In a February 1 piece for Tribune Media Services, Stanford journalism
professor and Pulitzer Prize winner Joel Brinkley wrote about how
Vietnamese people are aggressive because they eat so much meat,
especially dogs.
That's an oversimplification of his article,
but not by much. Brinkley reached that baffling conclusion after a
ten-day tour of Vietnam, and the response to his ill-informed piece was
swift, fierce and overwhelmingly critical. For direct rebuttals, you can
read the comments section on the link above, or this, or this, or this.
What interests me about this fiasco, however, is what happened next. A
deluge of Tweets, blogs, Facebook posts and more illuminated how and
why the piece was unacceptable. Tribune Media Services posted an apology
for the piece not meeting their journalistic standards. A Change.org
petition for Brinkley's resignation from Stanford received hundreds of
signatures.
And Brinkley apologized. Sort of. Like so many people
of privilege before him, however, Brinkley's apology reads more as "I'm
sorry you're offended" than "I'm sorry I said something offensive."
Specifically, Brinkley wrote: "Vietnamese
seem to be particularly sensitive to criticism, like a lot of people
around the world... Some of them have told me in emails that this makes
them sound barbaric, which was not my intention." He also wrote: "The
column I wrote this week on Vietnam and its dietary practices has
offended a great number of people. That was not my intention at all, and
I’m sorry for that."
The latter one isn’t too bad, as far as
apologies-I’m-still-not-buying go. But the interesting thing is the
repeated use of a phrase that seems to be a trend in public apologies: "it wasn't my intention.”
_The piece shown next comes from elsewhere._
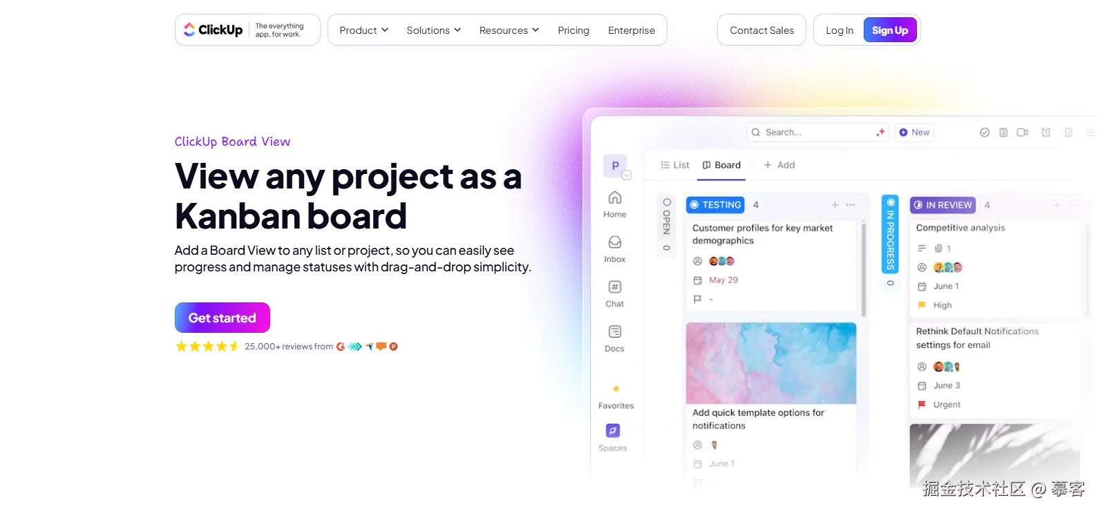 **推荐理由:**ClickUp 的AI看板更像一个“项目大脑”,能主动识别项目问题并提供解决方案,对中大型团队、产品和技术类项目尤其适用。
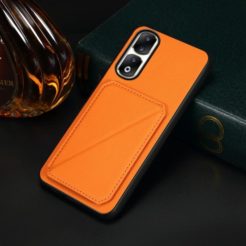 For Honor 90 Pro D04 Calf Texture Dual Card Slot Holder Phone Case(Orange)

This is a handy, oft-used rhetorical device used to absolve oneself of
responsibility after saying or doing something offensive. It may sound
meaningful, but remember: if you burn a house down and people get hurt,
you don't get away with it because you thought the house was empty. If
you drive your car through the front window of a restaurant, the damage
is done whether or not you meant to do it. If you eat my lunch because
you thought I didn't want it, I'm going to be hungry regardless of your
intentions.
Responsibility isn't about our intentions. It's about the impact of our words and actions.
And
sometimes, our hearts really are in the right place. But saying
something hurtful out of ignorance or carelessness is only marginally
better than saying something hurtful out of malice-- and the impact is
exactly the same. To truly make amends for hurting someone, first you
have to be a big enough person to want to make amends. Then you have to
openly and respectfully listen to what people are saying. And then you
have to act on that new knowledge-- whether in a sincere public apology
that clearly illustrates you understand what you did wrong (beyond “poor
word choices” or “awkward phrasings,” because we all know that’s not
really the issue), a commitment to being more careful and conscientious
in the future, some sort of concrete act of contrition, or ideally, all
three.
This is much bigger than Brinkley, of course (though I’m
tempted to publish the private email he sent to a friend that pretty
much proves he’s not sorry at all, but suffice to say I don’t think he
learned much from this, except he now believes Vietnamese “are the most paranoid and sensitive people on the planet”).
It’s also bigger than any “famous-person-messing-up” story. This plays
out every day, in classes, workplaces, and all kinds of social spaces.
Learning how to let go of our egos and defensiveness, to make mistakes
gracefully, to apologize sincerely, and most importantly: to cultivate
the awareness and conscientiousness to avoid those mistakes in the first
place - this is the kind of work we all need to do.